Huge congratulations on gorgeous Daisy! :baby: I'm so glad she's bringing you the happiness you both deserve. :hugs: Well done - such a speedy labour!


----------



## shelx

congrats! shes gorgeous and love her wee outfit x


----------



## BabyHaines

Congratulations honey. I couldn't be happier for you. She is so beautiful, and you have done so well.
I wish you and your family so much happiness for the future - you deserve it honey xxxx


----------



## Jem

Congratulations hunni! She is gorgeous!!! You are an amazing person and Alex would be so proud! x


----------



## happyfeet

Congratulations she is adorable


----------



## rachxbaby1x

Shes beautiful xxxxxxx


----------



## missy123

she looks just like Alex :) ahh hun im delighted for you and hubby,shes amazing!!


----------



## bexie1985

congrats hayley shes beautiful, im so pleased ur labour was nice as possible, hugs xx


----------



## MummyCarly

Congrats hun, and wow if you dont mind me saying she does look alot like her brother.

xoxo


----------



## ZoeMxwell

Shes adorable, congrats


----------



## xxxjacxxx

She is an absolute little Gem, You must be soooo proud:flower:
She does look like Alex:cloud9:


----------



## Shinning_Star

I'm so happy to read this birth story and yet a little tear strciken at the end.

YOur both stars you've gotten through so much, home straight now hunni!

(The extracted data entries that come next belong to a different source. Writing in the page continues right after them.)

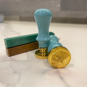 This stamp has an engraved leaf motif and comes with teal and antique gold wax sticks.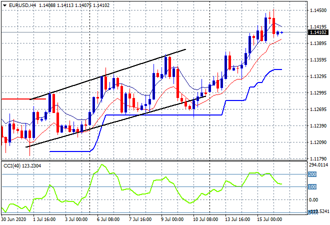 European markets rose sharply at the open, with broad finishes across the continent as the German DAX closed 1.8% higher to 12930 points, although it retracing a small amount later in futures thereafter as Wall Street ended a bit sour. The daily chart continues to show a steady uptrend from the early June lows and a retest of the 12900 high as expected, almost matching the previous early June highs in what looks like a blowoff trade: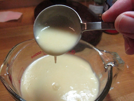 Pour 2 cups of the vanilla batter into the liquid measure you used before. The batter is on the thinner side, but this is important to the final outcome of the cake.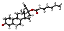 Norethisterone enanthate (NETE), also known as norethindrone enanthate, is a form of hormonal birth control which is used to prevent pregnancy in women.[1][2][3] It is used both as a form of progestogen-only injectable birth control and in combined injectable birth control formulations. It may be used following childbirth, miscarriage, or abortion.[1] The failure rate per year in preventing pregnancy for the progestogen-only formulation is 2 per 100 women.[4] Each dose of this form lasts two months with only up to two doses typically recommended.[5][1]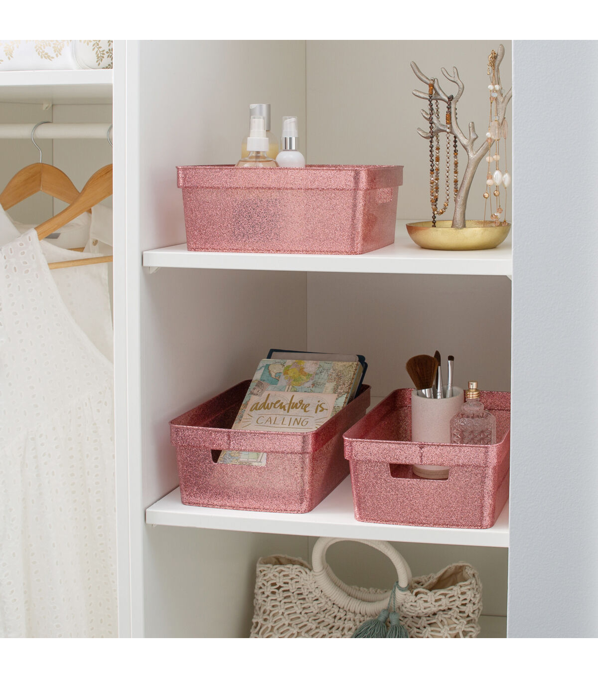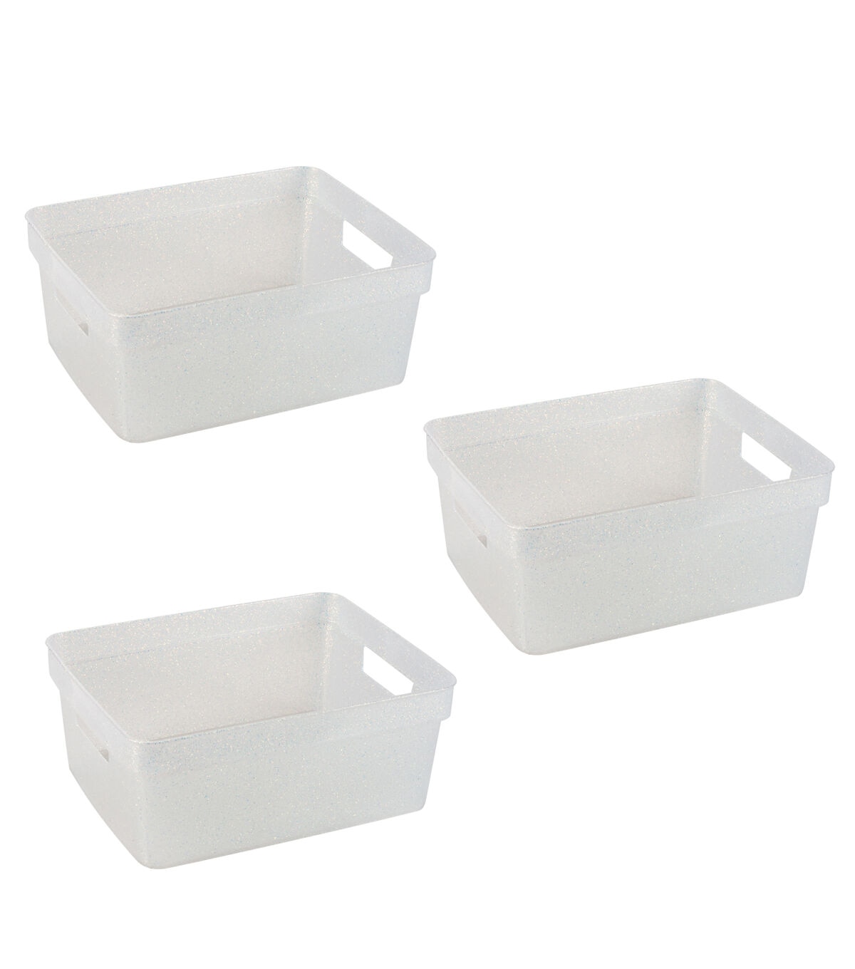 Organize and create storage in your home with the Simplify 3 Pack Small Glitter Totes. They are strong and durable, and the lightweight design makes it easy to lift and carry. The size makes these a great addition to a countertop, shelf, closet or in a deep draw. They are perfect for storing toys, office supplies, cleaning supplies, accessories and so much more! Your space with look neat and organized with the set of matching totes.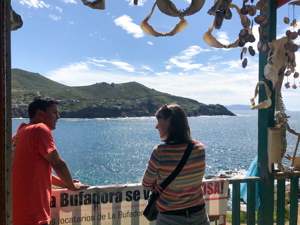 Janell talked up one of the souvenir shop workers and discovered that we had just missed seeing whales. This is the view from his office. He kept calling Janell “Mi Reina.” Abbey and I just rolled our eyes.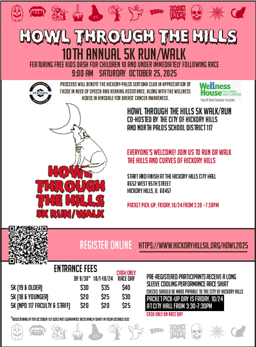 The weather for Saturday looks great and there is still time to sign up for the 10th Annual Howl Through the Hills 5K walk/run. The event will take place at 9AM on Saturday, October 25, 2025. There is still time to sign up online (see below) and you also can sign up the morning of the event. We recommend that you arrive no later than 8 a.m. if you intend to sign up the morning of the race. The race will start and finish at Hickory Hills City Hall. https://hickoryhillsil.org/howl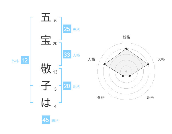 五宝 敬子はさんの総格は45画の4点!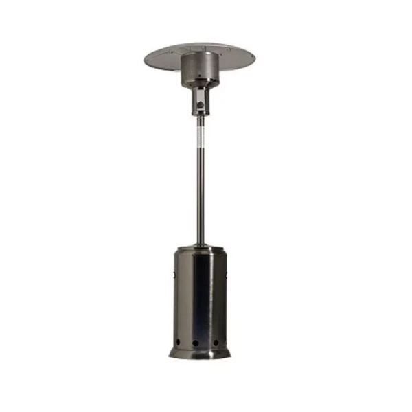Parasol chauffant en inox gaz propanne 3/8 kW avec allumage piezo, pour une utilisation en extérieur.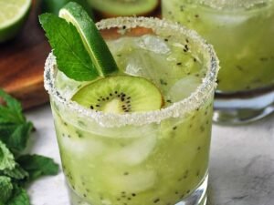 A refreshing lightened-up cocktail recipe made with fresh kiwi fruit, agave nectar, and club soda.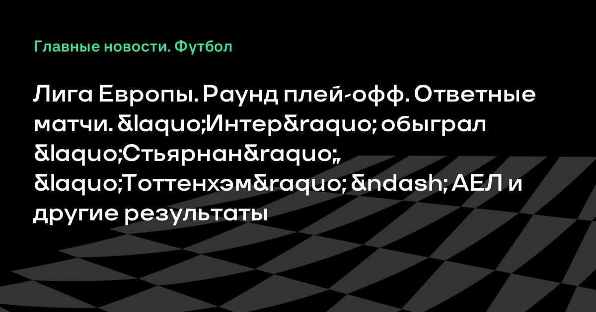 Лига Европы. Раунд плей-офф. Ответные матчи. «Интер» обыграл «Стьярнан», «Тоттенхэм» – АЕЛ и другие результаты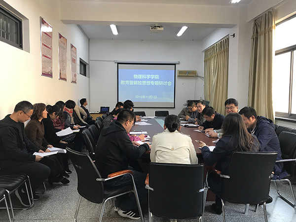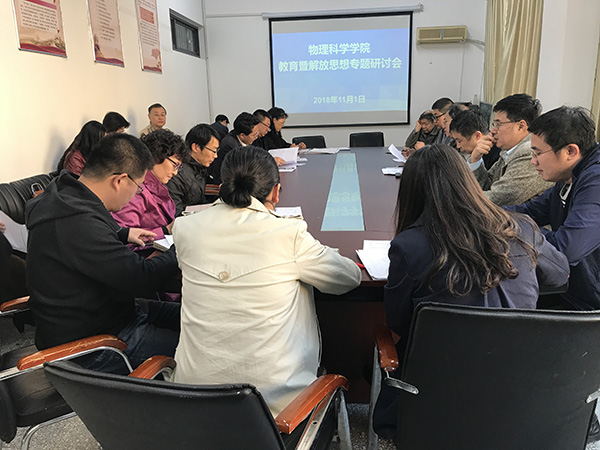 在博逸楼401会议室召开教育暨解放思想大讨论工作推进会。学院党政领导班子成员,院学术委员会、教学委员会、学生工作委员会成员,各系(中心)主任、副主任、支部书记、全体辅导员以及教师和学生代表参加了会议。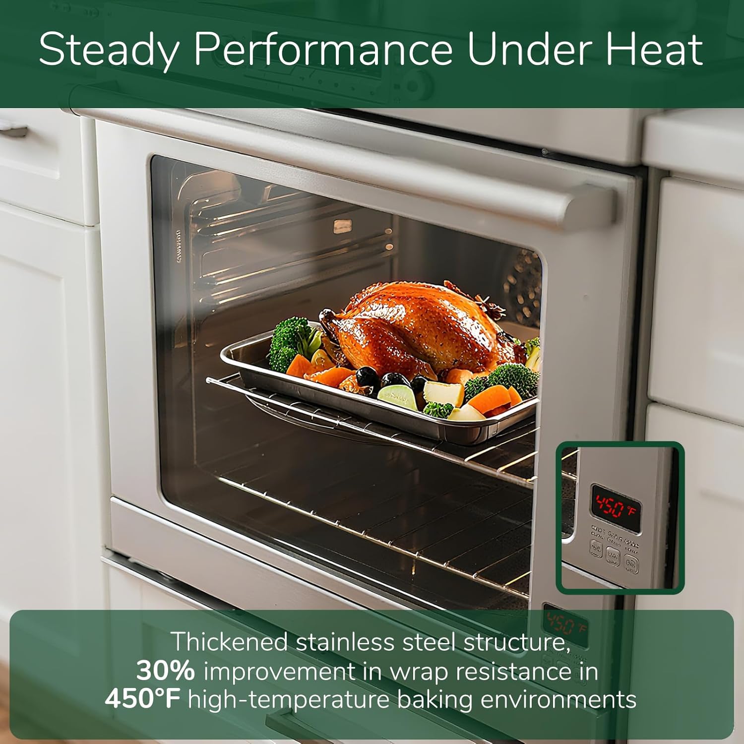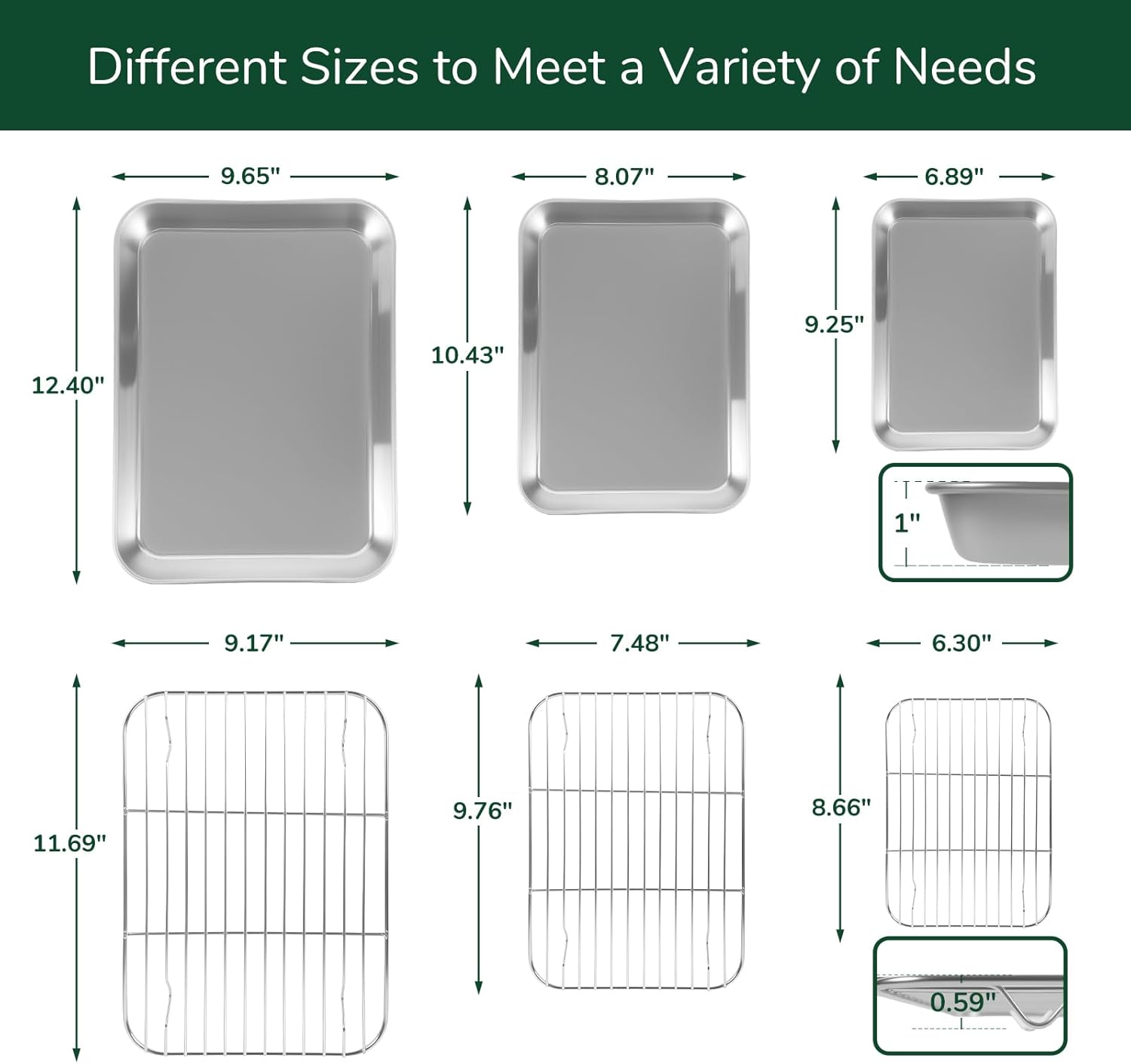 18/0 Stainless Steel Baking Sheet with Cooling Rack, Oven-Safe Non-Toxic Cookie Sheets for Baking, Set of 6, Coating Free & Rust Resistant for Healthy Family Baking, Easy to Clean, Heavy-Duty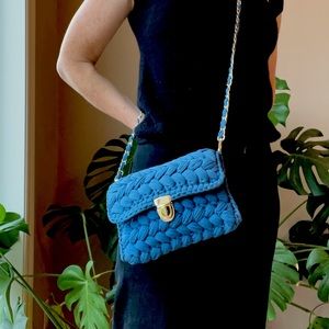 NEW Handmade Crochet Crossbody Handbag with Gold Chain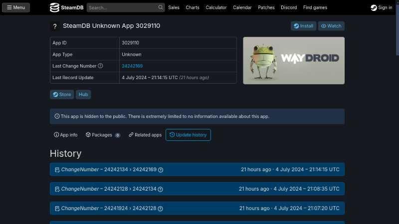 Melalui post terbaru di X, Brad Lynch selaku leaker membagikan penemuannya di Steam. Valve baru-baru ini menyisipkan lima program menuju Steam yang dikategorikan sebagai unreleased atau belum dirilis. Salah satu program tersebut tidak lain dan tidak bukan adalah WayDroid.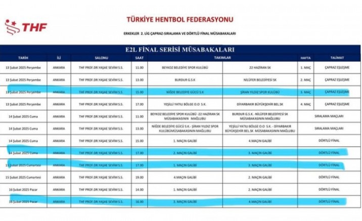 Final kurası ile ilgili konuşan baş antrenör Zeynep Albayrak, “13-16 Şubat tarihleri arasında erkekler 1.lige yükselme final müsabakaları Ankara’da oynanacak. Belirtilen fikstür gereği Ankara’da final oynamaya hak kazanan 8 takım 1. Lige çıkacak 4 takım arasında yer almak için mücadele verecek ve bu mücadeleler sonucunda 4 takım 1.lige yükselecek. Takımımız Şiran Yıldız hentbol takımı ise 13 Şubat tarihi saat 15. 00 da Niğde Belediye Gücü hentbol takımıyla eleme müsabakası yapacak ve kazanan 1.lige yükselmiş olacak, takımımızın müsabakayı kaybetmesi halinde ise sıralama maçları yaparak maçlarını tamamlayacak. Şiran Yıldız Hentbol takımı bütün hazırlıklarını 1.lige çıkmak için yapmakta çalışmalarını en iyi şekilde sürdürmektedir. Ankara‘da yapılacak olan final müsabakalarını en iyi şekilde gerçekleştirerek 1.lige çıkacaktır” dedi.

Congratulations to you both and Yes Daisy is abs stunning!


----------



## Louisandcoco

Congratulations. She's beautiful. Xx


----------



## Carmello_01

How wonderful! Congratulations!


----------



## Ginaerhol

congratulations :hugs: xx


----------



## kyesmummy

congrats huni she is a lil stunner xxxx


----------



## Pinkgirl

congratulations Hayley she is beautiful
xx


----------



## leelee

Hayley,

I am so happy for you. Daisy will always have her big brother Alex watching over her. Im so happy the labour worked out so well for you too.

xxx


----------



## Tasha

Just seen this hun, congratulations. Daisy is gorgeous, you make very beautiful babies x


----------



## BLUEBELLMUMMY

she is absolutely stunning,and looks just like alex.congrats hun,i hope she brings u and oh all the happiness you deserve.x


----------



## sweetlullaby

Congrats she is gorgeous :hugs: xx


----------



## LunaBean

She's so gorgeous! Looks just like her big bro :):)


----------



## Windmills

Congratulations Hayley, she's beautiful :cloud9: xxx


----------



## twiggy56

Ahh! Here's your birth announcement! Stoopid preggo brain only just found it lol.

Congrats again hun, Daisy is a little treasure...Alex and Daisy are just two of a kind :hugs:

x x x


----------



## MummyToAmberx

Awwww, i didnt realise you'd given birth!

Huge congrats, she is gorgeous!!


----------



## ineedaseed

Congratulations hayley, daisy is gorgeous xxx


----------



## Raggydoll

Congratulations Hayley. She is so beautiful. x


----------



## AimeeM

Well done Hayley, you had the nice calm birth you deserve and she is such a beautiful little girl i am so pleased for you all xxxx


----------



## Hoolie

Congratulations to you and OH.

Daisy is just gorgeous

Alex


----------



## Gwizz

Congrats hun, all the best for the future - she is gorgeous!!!!!!!!!!!!!!

:happydance:

xxxxxxxxxxxxxxxxx


----------



## FierceAngel

huge congrats hun,, im crying like a baby now blooming hormones

so happy for you xxxxxxxxxxxxxxxxx


----------



## hudz26

awww she is gorgeous xxx


----------



## debjolin

Congrats to you both and well done xx


----------



## Samemka

Daisy is so gorgeous & I know she's going to be a very loved & doted on little princess :hugs: xxxx


----------



## nataliecn

Congrats Hayley!
I am so happy for you! 
She is absolutely beautiful!


----------



## BBonBoard

she is gorgeous congratulations.


----------



## lottie7

she is absolutely gorgeous! I bet you are so proud.

CONGRATULATIONS


----------